I am a natural left hander, but I grew up in a time where teachers thought that left handed kids should actually be write handed.  So I learnt to write right handed at school.  This of course has an interesting impact on someone who spent a childhood playing any sort of sport, as much as she could.  I bat left handed, kick right handed, throw right handed and hockey proved to be something I could not overcome!

Now the interesting thing is that the ability to write with both hands is a skill.  It also allows your brain to use both sides, and supposedly fosters moments of creativity.  So each year I have a goal to continue to use my left hand.  If you ask me to write left handed, I can, but the legibility is not as good as it used to be, because I haven't continued to practise.  I have also been tardy this year in my daily quest to reflect and document my top 5 moments of gratitude.  I also started this concept with Maddison when she was younger, but she struggled with the concept.  Fast forward a few years, and she has now picked it up by herself, and I help her write in the her own journal her top 3 moments for the day.  We still need to hone the gratitude part, but it is a delightful concept that she will be able to look back on later in life.  One of today's items involved the pin the tail on the horse for the western themed day at vacation care!  Tomorrow is a visit to the aquarium, so that should also be amusing.
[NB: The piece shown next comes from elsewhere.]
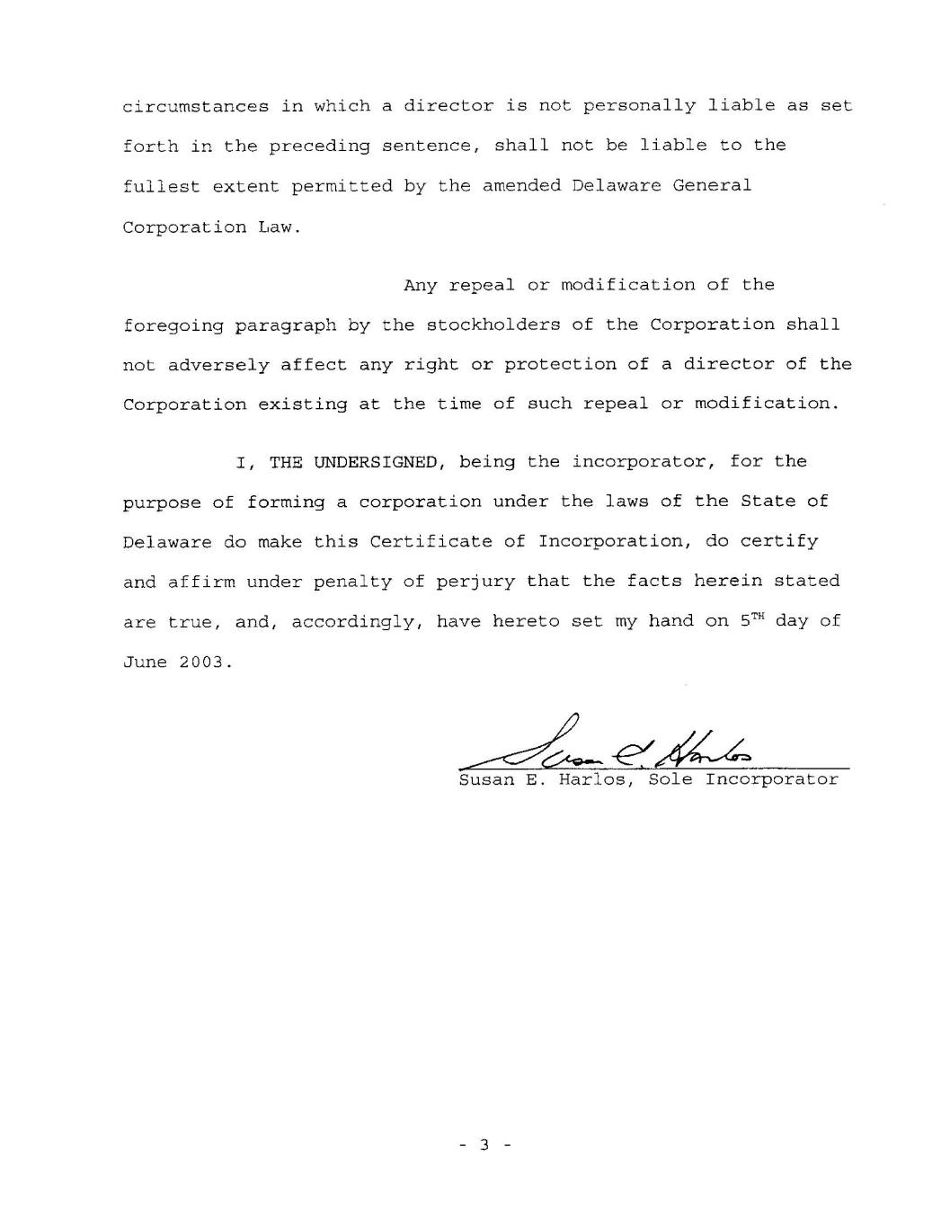 在前一句中所述的董事不承担个人责任的情况下,在经修订的《特拉华州一般公司法》允许的最大范围内不承担责任。公司股东对前款的任何撤销或修改,均不会对撤销或修改时存在的公司董事的任何权利或保护产生不利影响。本人,以下签署人,作为公司的发起人,为根据特拉华州法律组建公司的目的,确实制作了本公司注册证书,确实证明并确认了本文陈述的事实是真实的,因此,请于2003年6月5日在此与我握手。Susan E.Harlos先生,独资公司-3-

Naturally I have quit jobs, like most people in my generation.  Although I don't reflect on this as moments of quitting, they are more junctions in life where I have chosen a different path, or a career step change, and they are pieces to the broader strategy in the life plan, rather than OMG moments of despair!

In seeking balance in life, I have quite my obsession with OCD.....oh all right I haven't actually quit, but I have relented.  I can actually sleep at night knowing that there is ironing in the pile, an odd dish in the sink, and the edges of the lawn that have not been trimmed!

In reflecting on the concept of the question increasing my ability to communicate.  Well I managed to trot out a few things, which may or may not be insightful to my better half, but I am sure that they will spur on some future discussions.

Amendment 1 - it is noted that I have been an um, well serial dater since the demise of my decade long partnership.  So sure, I have quit a few relationships during this the past ten years.  I also quit my MBA whilst over half way through.  It was a decision made not long after ending my time in the Air Force.  When I first put it on hold, it was time and an awful non English speaking lecturer that was terrorising me.  Sometime later in life when I looked at the potential return on investment from the MBA in terms of time and money, I couldn't make a good case for continuing as the only real reason was it was set into the life plan, and would result in a few extra letters at the end of my name.  My quest for financial independence over ruled continuing the MBA.